Dyspraxia is a neurological disorder that impacts an individual’s ability to plan and process motor tasks.

Individuals with dyspraxia often have language problems, and sometimes a degree of difficulty with thought and perception. Dyspraxia, however, does not affect the person’s intelligence, although it can cause learning problems in children.

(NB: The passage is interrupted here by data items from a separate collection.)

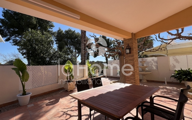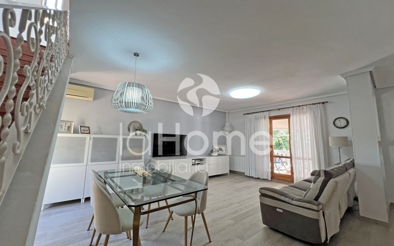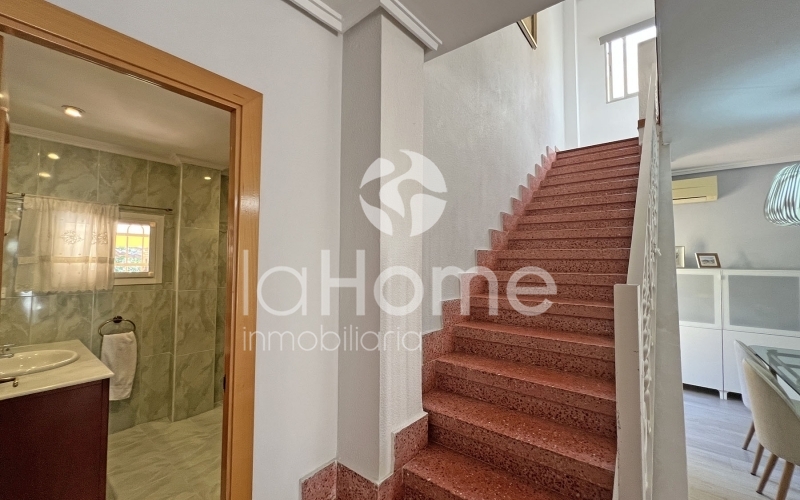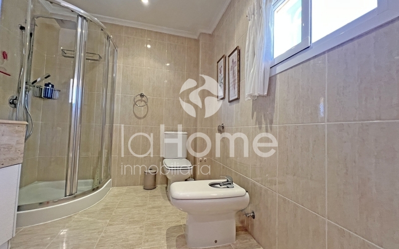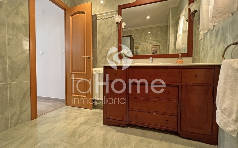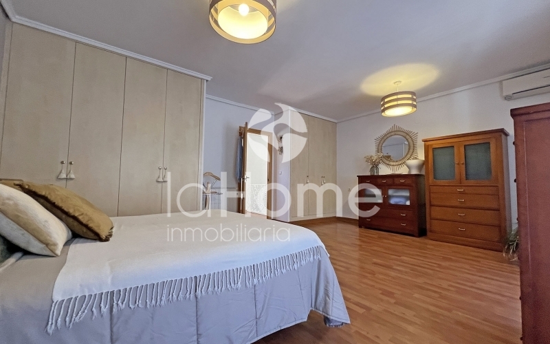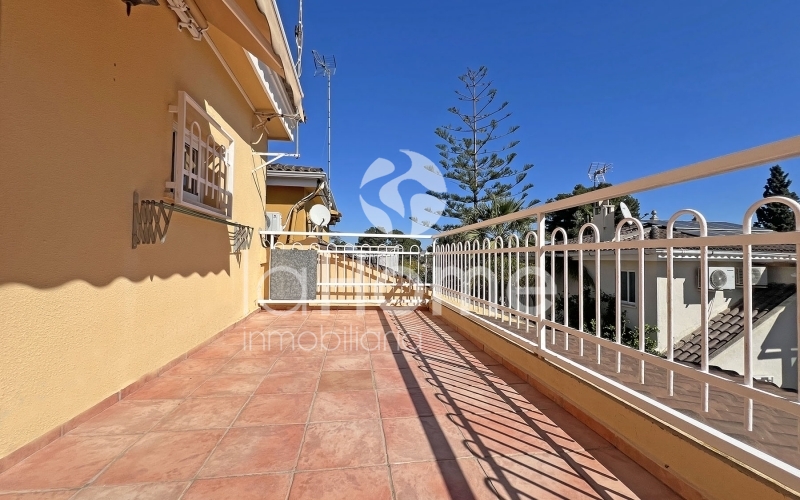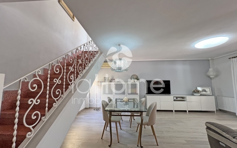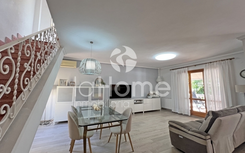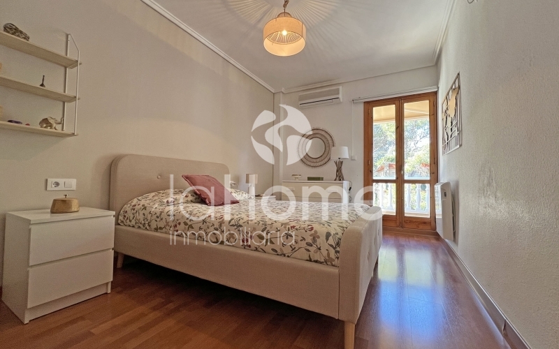 La planta superior alberga la zona de descanso, compuesta por una habitación doble y un magnífico dormitorio principal de grandes dimensiones, ampliado mediante la integración de una estancia adicional. Desde este espacio se accede a una terraza privada, perfecta para relajarse y disfrutar del aire mediterráneo. Completa esta planta un baño completo reformado con excelentes calidades y una terraza adicional.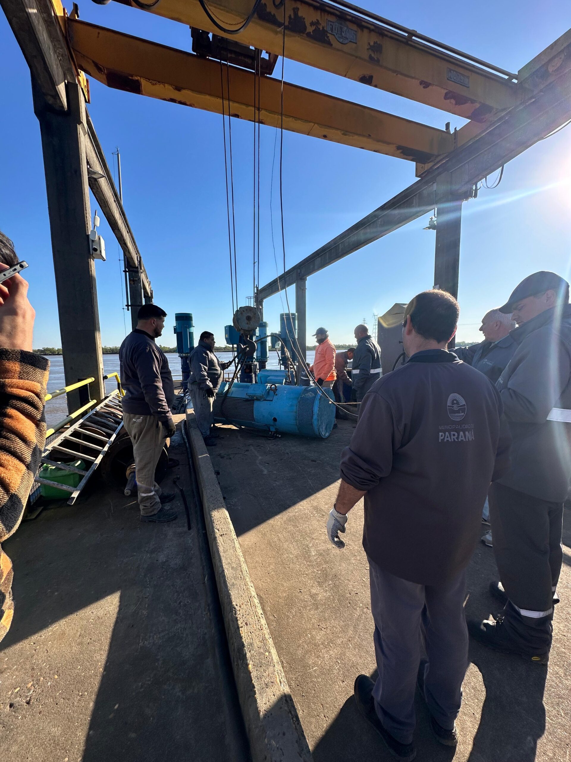 Finalizaron los trabajos de reparación y reactivación en el sistema de captación de agua cruda para la potabilización, por los daños ocasionados por la interrupción de la energía eléctrica durante la madrugada.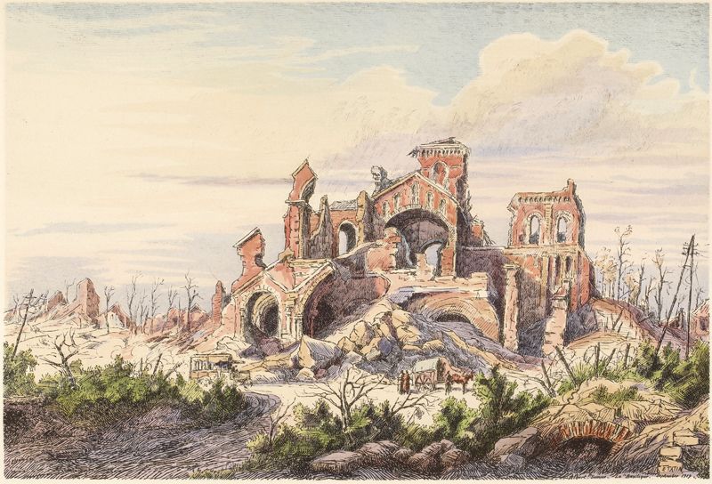 Cette opinion fut confirmée par les trois années de guerre qui suivirent et au cours desquelles la marée allemande, dans ses mouvements de flux et de reflux, a porté de nouveau ses ravages, en certains points du front, avec une perfection destructrice qui n'avait jamais encore été atteinte.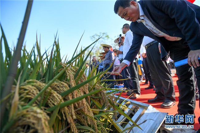 這是第三代雜交水稻新組合試驗示范衡南基地測產(chǎn)現(xiàn)場待收割的水稻(10月21日攝)。 新華社記者 陳澤國 攝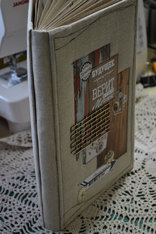 Вчера целый день творила такой альбомчик.новый переплет,листы из плотной крафт бумаги- украшены скраповской бумагой размер 19х30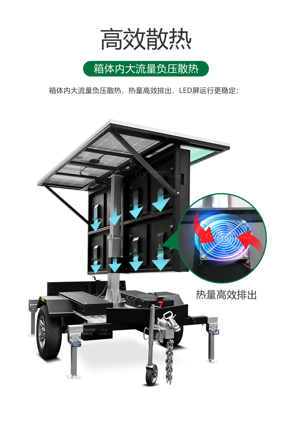 高效散热:箱体内大流量负压散热,热量高效排出,LED屏运行更稳定;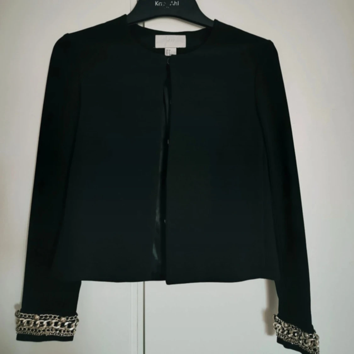 Snygg svart kavaj från H&M med lång ärm och rund halsringning. Ärmsluten är dekorerade med silvriga kedjor som ger en cool touch. Perfekt för dig som vill sticka ut lite extra. Stängs framtill utan synliga knappar.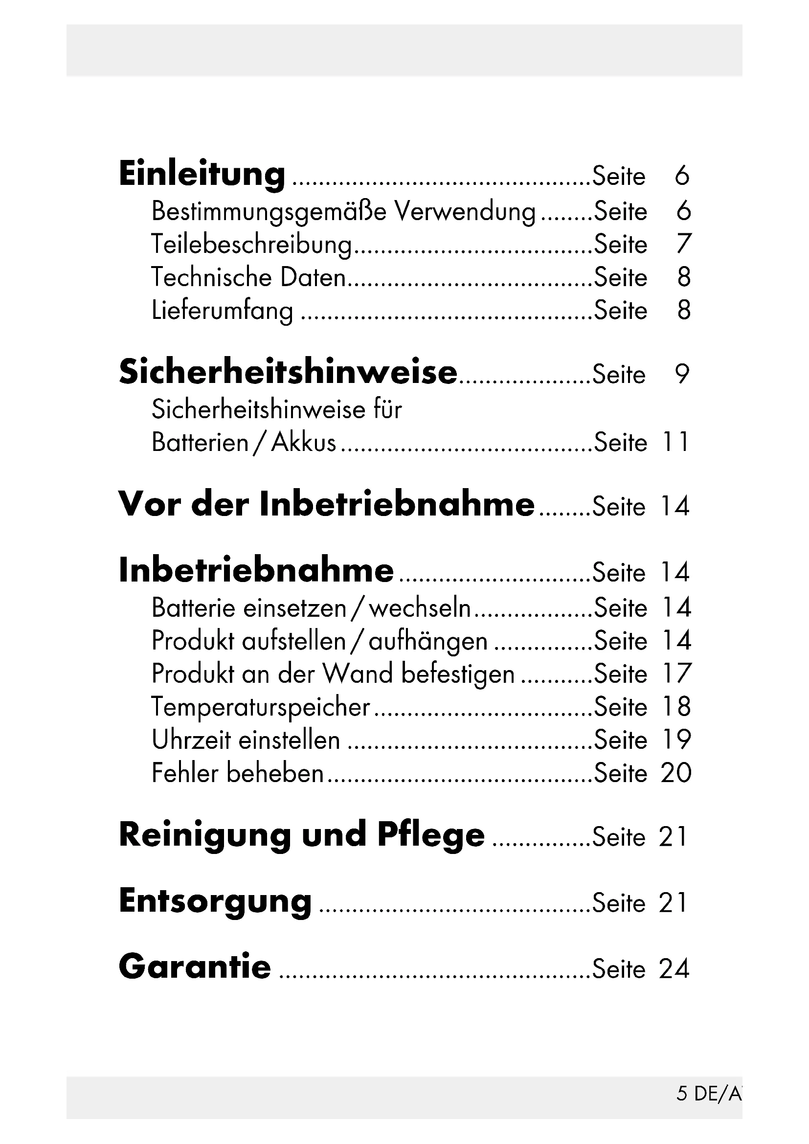 115 DE/AT/CH Einleitung .............................................Seite 6 Bestimmungsgemäße Verwendung ........Seite 6 Teilebeschreibung ....................................Seite 7 Technische Daten.....................................Seite 8 Lieferumfang ............................................Seite 8 Sicherheitshinweise....................Seite 9 Sicherheitshinweise für Batterien / Akkus ......................................Seite 11 Vor der Inbetriebnahme ........Seite 14 Inbetriebnahme .............................Seite 14 Batterie einsetzen / wechseln ..................Seite 14 Produkt aufstellen / aufhängen ...............Seite 14 Produkt an der Wand befestigen ...........Seite 17 Temperaturspeicher .................................Seite 18 Uhrzeit einstellen .....................................Seite 19 Fehler beheben ........................................Seite 20 Reinigung und Pflege ...............Seite 21 Entsorgung .........................................Seite 21 Garantie ...............................................Seite 246 DE/AT/CH Innen- / Außenthermometer

Developmental dyspraxia is an immaturity of the organization of movement. The brain does not process information in a way that allows for a full transmission of neural messages.

A person with dyspraxia finds it difficult to plan what to do, and how to do it.

The National Institute of Neurological Disorders and Stroke (NINDS) describes people with dyspraxia as being “out of sync” with their environment.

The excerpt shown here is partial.